Mrs CAC, Heres is acts of service. She goes out on a limb doing things for me (like going out and buying all the provisions for my upcoming trip to Oshkosh -- I'm going to camp with two of my sons, she's staying home with the rest of the brood). Her "servicing" me orally is feeling like an AOS to me, and that is sort of killing it for me. It's pretty obvious that it isn't at the top of the list of things she wants to do but she does it because I like it. The problem is, to me AOS doesn't do anything for building intimacy, in fact most of the things she does are in the background, not with me. AOS and gift giving are the LL's I scored lowest on. AOS is also very hard for me to pull off. I haven't noticed more than a small difference in her when I do AOS for her.

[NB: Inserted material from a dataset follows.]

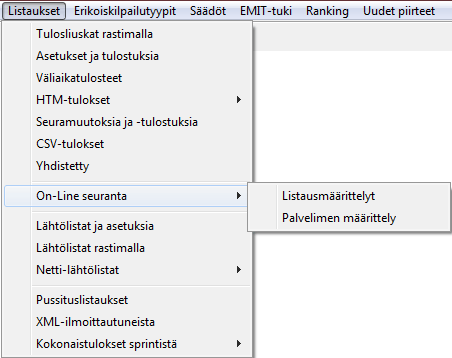 Onlinetuloksilla tässä tarkoitetaan ajastetusti tehtäviä sarjakohtaisia HTML-tuloksia, jotka siirretään netissä olevalle palvelimelle puhelimilla/tableteilla selaitaviksi. Ajastuksia voi olla käynnissä samaan aikaan kuusi (6) erilaista ja jokaisessa voi olla haluttu määrä sarjoja ja erilainen sivun ulkoasu. Määrittelyissä annetaan:

Another issue compounding the lack of intimacy is that I seem to be developing ED. As a result I am becoming even more gun shy when it comes to initiating because I don't know if the equipment will be able to keep up. This shouldn't be happening, as I am only 46, and am in better physical shape than I've ever been before.
Karen, Thanks for weighing in. Matter of fact, I did go to the doc just today for my physical. I've got to go back for a blood work-up (fasting), they'll be checking for diabetes, testosterone and a couple other things.
The kiddies are wearing us out, mostly S17 who is depressed, can't sleep at night, is having self esteem issues & girlfriend issues (father won't let her see him, concerned about physicalness of R). The two little ones, now 2 and 3, are partners in crime and almost impossible to contain. That, and they wake up the birds every morning, that is before they wake up the rest of the house. Lately, they've been up by 5am. S17 has had a noticible affect on our R because his problems always come up during "our" time. Not a lot of fun in the GGB household right now. It has to get better though.
Do a little dance make a little love get down to night. Sounds like things are much better in the chrome household then the last time I checked in on ya!
kids are tiring... I feel you.. believe me. I have a 4 yold and a 20 month old and they are terrible sleepers. it wears on you..Sounds like things are only getting better for you and Im glad!
Oh and Happy Birthday!!
me: 37 H: 44 Married for 18 years this june S7 S3 porn issues, and much more... since 7/06
Happiness can be found, even in the darkest of times, if one only remembers to turn on the light.